Дороги войны
Глава третья, о войне и блокаде, принесшей Илье Глазунову безмерное горе, о жизни в деревне, сроднившей сироту с русской природой и народом
Ах, война, что ты сделала, подлая!
В июне 1941 года Глазуновы снимали дачу километрах в шестидесяти от дома, на станции, расположенной по железной дороге, которая шла от Витебского вокзала. Радио приносило безрадостные вести с фронта, приближавшегося неумолимо ко второму городу Советского Союза не по дням, а по часам. Однако семья не спешила эвакуироваться, хотя возможности такие были. Университет, где служил отец, как и другие важнейшие учреждения, начали перебазировать на восток, как только немцы прорвались в пределы Ленинградской области. Здесь их танки появились в начале июля.
Однако если первая бомбежка Москвы произошла спустя месяц после нападения, 22 июля, то на Ленинград бомбы посыпались лишь с 6 сентября. Очевидно, это обстоятельство успокаивало многих людей, веривших в гений Сталина, непобедимость Красной армии и ее «первого маршала» Ворошилова, словам из популярной тогда песни:
Чужой земли мы не хотим ни пяди,
Но и своей вершка не отдадим.
Сдавать, однако, быстро начали – города, области, республики.
Чем объяснить при таком неожиданном обороте событий самоубийственное решение Сергея Федоровича Глазунова не уезжать, ведь тем самым он обрекал на смерть не только себя, но жену и ребенка? С немцами в Первую мировую воевал, уйдя на фронт, как мы помним, юношей-добровольцем. Пытался в 1941 году, когда объявили всеобщую мобилизацию, затем прием в ополчение, попасть на фронт. Но «белый билет» не дал хода не только в армию, но даже в народное ополчение. Сын не раз просыпался ночью, когда отец стонал от боли, от язвы желудка, принесенной с германской войны.
«Четыре часа я любовался дивной панорамой своего родного города. Никуда я из него не поеду. Если случится несчастье, пусть лучше вот тут, где-нибудь на набережной или в водах глубокой Невы, погибну… Но наш город, я твердо верю в это, не попадет в руки врага!»

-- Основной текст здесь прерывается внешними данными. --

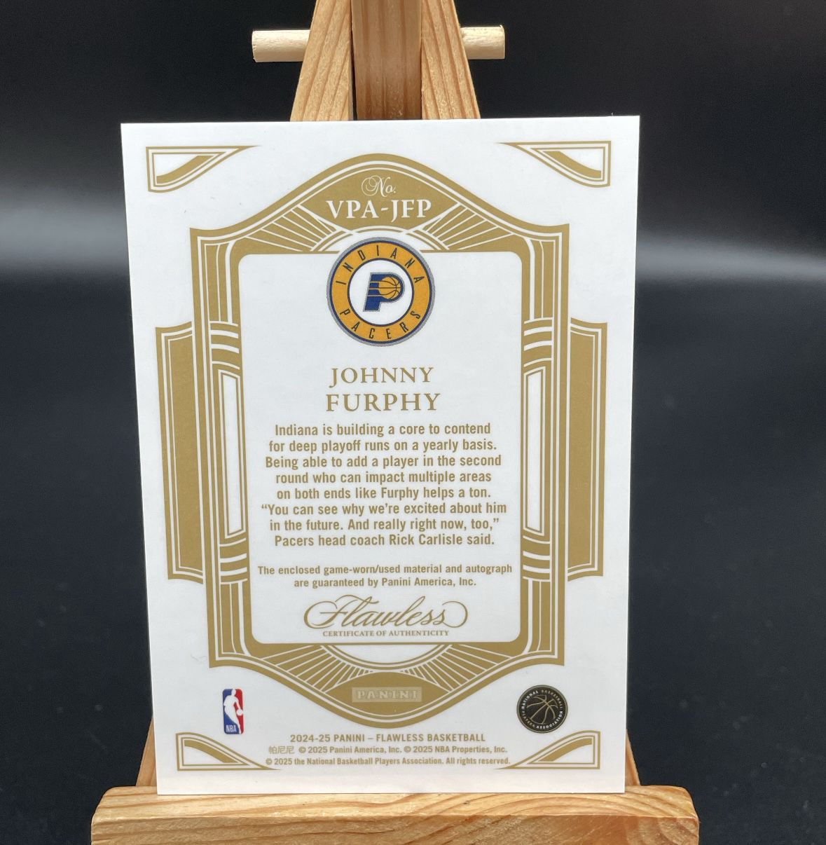 2024-25 Panini Flawless Johnny Furphy RC 【白鸟代卖 口罩】手提 约翰尼 弗菲 新秀 10编 金平行 VPA RPA 签字 卡签 GU patch球衣 微瑕如图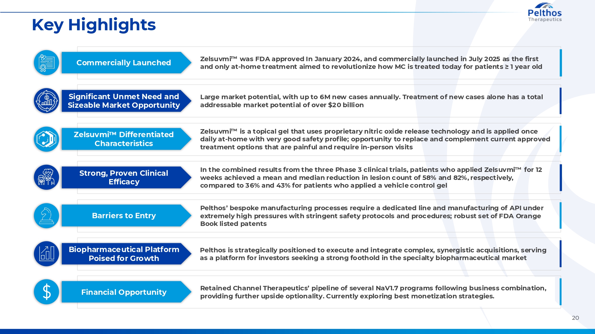 Key Highlights Commercially Launched Zelsuvmi was FDA approved In January 2024, and commercially launched in July 2025 as the first and only at-home treatment aimed to revolutionize how MC is treated today for patients ≥ 1 year old Significant Unmet Need and Sizeable Market Opportunity Large market potential, with up to 6M new cases annually. Treatment of new cases alone has a total addressable market potential of over $20 billion Zelsuvmi Differentiated Characteristics Strong, Proven Clinical Efficacy CONFIDENTIAL Zelsuvmi is a topical gel that uses proprietary nitric oxide release technology and is applied once daily at-home with very good safety profile; opportunity to replace and complement current approved treatment options that are painful and require in-person visits In the combined results from the three Phase 3 clinical trials, patients who applied Zelsuvmi weeks achieved a mean and median reduction in lesion count of 58% and 82%, respectively, compared to 36% and 43% for patients who applied a vehicle control gel for 12 Barriers to Entry Pelthos’ bespoke manufacturing processes require a dedicated line and manufacturing of API under extremely high pressures with stringent safety protocols and procedures; robust set of FDA Orange Book listed patents Biopharmaceutical Platform Poised for Growth Pelthos is strategically positioned to execute and integrate complex, synergistic acquisitions, serving as a platform for investors seeking a strong foothold in the specialty biopharmaceutical market Financial Opportunity Retained Channel Therapeutics’ pipeline of several NaV1.7 programs following business combination, providing further upside optionality. Currently exploring best monetization strategies. 20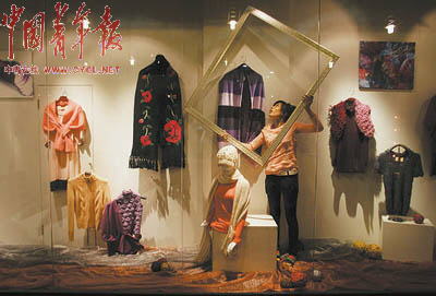 9月18日,北京华人世家编织体验馆,工作人员正在布置展览墙。近日,以传统手工编织为主题的展览在这里举行。据介绍,为了推进对老手艺的传承,该馆免费对下岗女工和女大学生进行技能培训,通过促进就业的方式来保护非物质文化遗产。

Это цитата из дневника историка – директора архива Академии наук напечатана в «Блокадной книге», которую я прочитал перед тем, как начал расспрашивать художника о его страданиях в дни блокады. Мне хотелось не только рассказать об этом периоде жизни, но и разобраться в двух обстоятельствах. Первое. Почему семья не эвакуировалась. Второе, самое трудное. Чем объяснить, что Ольга Константиновна Глазунова осталась умирать одна, не уехала с сыном.

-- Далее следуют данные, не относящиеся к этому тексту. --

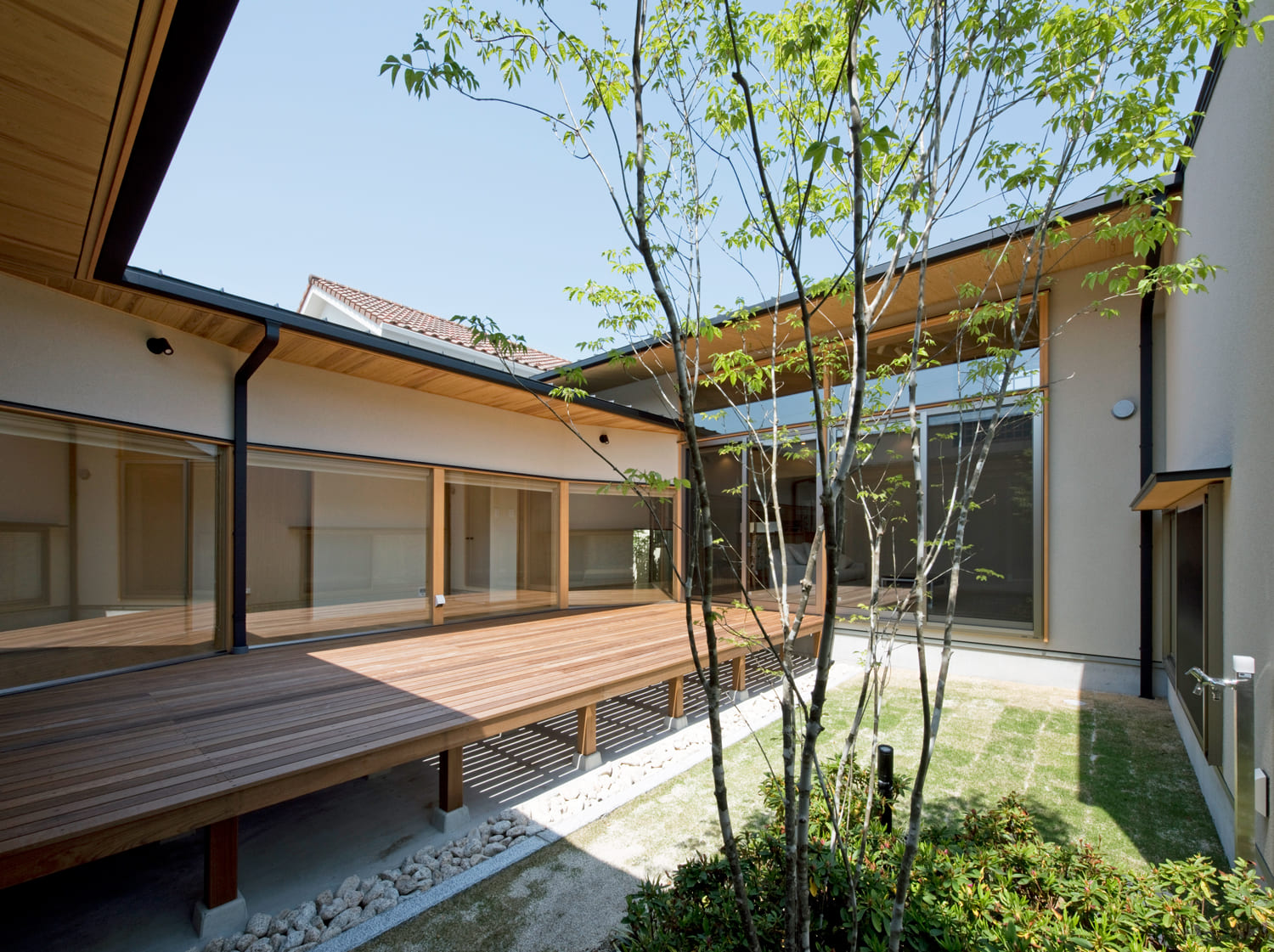 この住まいの心臓部とも言えるのが、「コ」の字型の建物に囲まれた、広々としたウッドデッキです。リビングからも、隣の和室からも、段差なくスムーズに出入りが可能。天気の良い日には、庭で遊ぶ子どもを見守りながら、デッキでゆっくりお茶を飲む。そんな、内と外が一体となった、豊かな暮らしの中心となる空間です。

Сергей Глазунов думал так же, как его коллега-историк, которого я процитировал. Сыну же сказал: «Мы немцев победим обязательно. Отсюда никуда не уедем».
– И я б не уехал! – прокомментировал давнее решение отца сын. – Если бы сейчас китайцы осадили Москву, я бы никуда не тронулся.
Еще ему запомнились такие слова отца:
– Это моя родина, мой город, я буду драться до последнего.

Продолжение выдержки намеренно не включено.